Problem description: Using the data below, output the first line and every line after it up to and including the line containing "The document discusses", exactly as written and with nothing added.

Provided records:
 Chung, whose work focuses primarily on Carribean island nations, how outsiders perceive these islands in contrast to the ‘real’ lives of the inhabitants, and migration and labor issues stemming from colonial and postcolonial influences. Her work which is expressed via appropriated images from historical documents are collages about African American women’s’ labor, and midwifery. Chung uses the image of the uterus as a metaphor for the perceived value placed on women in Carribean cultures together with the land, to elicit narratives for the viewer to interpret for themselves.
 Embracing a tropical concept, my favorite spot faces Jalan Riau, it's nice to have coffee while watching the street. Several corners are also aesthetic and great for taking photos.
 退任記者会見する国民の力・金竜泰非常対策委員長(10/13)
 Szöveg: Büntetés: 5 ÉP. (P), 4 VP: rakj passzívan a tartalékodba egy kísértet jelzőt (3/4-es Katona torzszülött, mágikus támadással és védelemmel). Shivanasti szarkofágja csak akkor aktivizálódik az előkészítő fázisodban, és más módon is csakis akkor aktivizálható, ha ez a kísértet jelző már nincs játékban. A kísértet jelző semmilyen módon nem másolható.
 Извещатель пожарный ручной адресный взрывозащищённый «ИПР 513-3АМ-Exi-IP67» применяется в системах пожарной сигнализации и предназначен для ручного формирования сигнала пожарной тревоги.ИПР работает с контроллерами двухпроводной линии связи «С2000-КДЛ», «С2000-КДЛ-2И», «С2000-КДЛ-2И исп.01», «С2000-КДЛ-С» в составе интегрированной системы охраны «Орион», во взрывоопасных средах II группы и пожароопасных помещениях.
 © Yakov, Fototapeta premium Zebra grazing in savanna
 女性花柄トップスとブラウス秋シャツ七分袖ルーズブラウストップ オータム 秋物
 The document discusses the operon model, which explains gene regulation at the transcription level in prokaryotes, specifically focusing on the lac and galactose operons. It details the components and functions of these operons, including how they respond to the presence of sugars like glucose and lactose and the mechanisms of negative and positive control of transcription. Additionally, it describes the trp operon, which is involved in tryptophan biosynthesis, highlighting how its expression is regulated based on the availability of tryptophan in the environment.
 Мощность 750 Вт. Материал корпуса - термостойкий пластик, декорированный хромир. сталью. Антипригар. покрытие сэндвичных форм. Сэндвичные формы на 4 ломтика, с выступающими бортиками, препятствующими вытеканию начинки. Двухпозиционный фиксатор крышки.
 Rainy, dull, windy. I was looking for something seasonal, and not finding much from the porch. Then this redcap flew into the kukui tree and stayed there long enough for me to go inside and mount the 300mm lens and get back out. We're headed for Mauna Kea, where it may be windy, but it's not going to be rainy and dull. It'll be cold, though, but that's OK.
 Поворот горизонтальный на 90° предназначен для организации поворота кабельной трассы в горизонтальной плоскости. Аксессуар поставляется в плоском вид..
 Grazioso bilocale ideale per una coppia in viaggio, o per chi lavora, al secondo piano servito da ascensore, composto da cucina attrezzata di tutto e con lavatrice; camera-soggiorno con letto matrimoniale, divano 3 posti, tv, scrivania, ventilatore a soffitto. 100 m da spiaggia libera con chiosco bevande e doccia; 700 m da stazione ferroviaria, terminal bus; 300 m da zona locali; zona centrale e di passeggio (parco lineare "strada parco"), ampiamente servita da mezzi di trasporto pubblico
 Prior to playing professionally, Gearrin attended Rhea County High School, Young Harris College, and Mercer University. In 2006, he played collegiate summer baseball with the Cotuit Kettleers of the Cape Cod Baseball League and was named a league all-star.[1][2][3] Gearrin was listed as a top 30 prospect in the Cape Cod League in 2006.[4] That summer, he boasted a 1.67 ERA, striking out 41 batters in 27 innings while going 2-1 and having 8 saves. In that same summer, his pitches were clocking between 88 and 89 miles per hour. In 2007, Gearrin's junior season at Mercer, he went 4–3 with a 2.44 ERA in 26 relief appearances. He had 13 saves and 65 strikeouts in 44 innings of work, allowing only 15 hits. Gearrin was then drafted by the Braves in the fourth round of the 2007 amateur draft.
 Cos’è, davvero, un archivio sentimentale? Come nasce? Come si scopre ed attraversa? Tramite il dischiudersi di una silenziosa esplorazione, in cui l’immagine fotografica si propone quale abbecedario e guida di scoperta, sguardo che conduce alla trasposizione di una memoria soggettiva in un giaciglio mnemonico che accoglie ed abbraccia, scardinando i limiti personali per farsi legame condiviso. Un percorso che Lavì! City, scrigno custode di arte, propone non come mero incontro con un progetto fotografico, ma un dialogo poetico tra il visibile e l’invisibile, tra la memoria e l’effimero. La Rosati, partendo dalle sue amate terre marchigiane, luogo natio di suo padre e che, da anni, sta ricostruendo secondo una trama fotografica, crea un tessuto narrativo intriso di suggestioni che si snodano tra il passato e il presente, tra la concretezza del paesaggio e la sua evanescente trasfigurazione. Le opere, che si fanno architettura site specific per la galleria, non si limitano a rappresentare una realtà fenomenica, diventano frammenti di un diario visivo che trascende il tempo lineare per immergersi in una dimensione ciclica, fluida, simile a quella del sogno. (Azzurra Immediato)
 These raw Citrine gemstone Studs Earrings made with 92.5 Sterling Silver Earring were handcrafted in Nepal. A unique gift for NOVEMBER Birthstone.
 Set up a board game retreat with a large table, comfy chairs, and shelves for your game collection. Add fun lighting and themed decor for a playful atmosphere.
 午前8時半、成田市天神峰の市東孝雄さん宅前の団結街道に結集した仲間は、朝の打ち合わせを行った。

Response:
 Chung, whose work focuses primarily on Carribean island nations, how outsiders perceive these islands in contrast to the ‘real’ lives of the inhabitants, and migration and labor issues stemming from colonial and postcolonial influences. Her work which is expressed via appropriated images from historical documents are collages about African American women’s’ labor, and midwifery. Chung uses the image of the uterus as a metaphor for the perceived value placed on women in Carribean cultures together with the land, to elicit narratives for the viewer to interpret for themselves.
 Embracing a tropical concept, my favorite spot faces Jalan Riau, it's nice to have coffee while watching the street. Several corners are also aesthetic and great for taking photos.
 退任記者会見する国民の力・金竜泰非常対策委員長(10/13)
 Szöveg: Büntetés: 5 ÉP. (P), 4 VP: rakj passzívan a tartalékodba egy kísértet jelzőt (3/4-es Katona torzszülött, mágikus támadással és védelemmel). Shivanasti szarkofágja csak akkor aktivizálódik az előkészítő fázisodban, és más módon is csakis akkor aktivizálható, ha ez a kísértet jelző már nincs játékban. A kísértet jelző semmilyen módon nem másolható.
 Извещатель пожарный ручной адресный взрывозащищённый «ИПР 513-3АМ-Exi-IP67» применяется в системах пожарной сигнализации и предназначен для ручного формирования сигнала пожарной тревоги.ИПР работает с контроллерами двухпроводной линии связи «С2000-КДЛ», «С2000-КДЛ-2И», «С2000-КДЛ-2И исп.01», «С2000-КДЛ-С» в составе интегрированной системы охраны «Орион», во взрывоопасных средах II группы и пожароопасных помещениях.
 © Yakov, Fototapeta premium Zebra grazing in savanna
 女性花柄トップスとブラウス秋シャツ七分袖ルーズブラウストップ オータム 秋物
 The document discusses the operon model, which explains gene regulation at the transcription level in prokaryotes, specifically focusing on the lac and galactose operons. It details the components and functions of these operons, including how they respond to the presence of sugars like glucose and lactose and the mechanisms of negative and positive control of transcription. Additionally, it describes the trp operon, which is involved in tryptophan biosynthesis, highlighting how its expression is regulated based on the availability of tryptophan in the environment.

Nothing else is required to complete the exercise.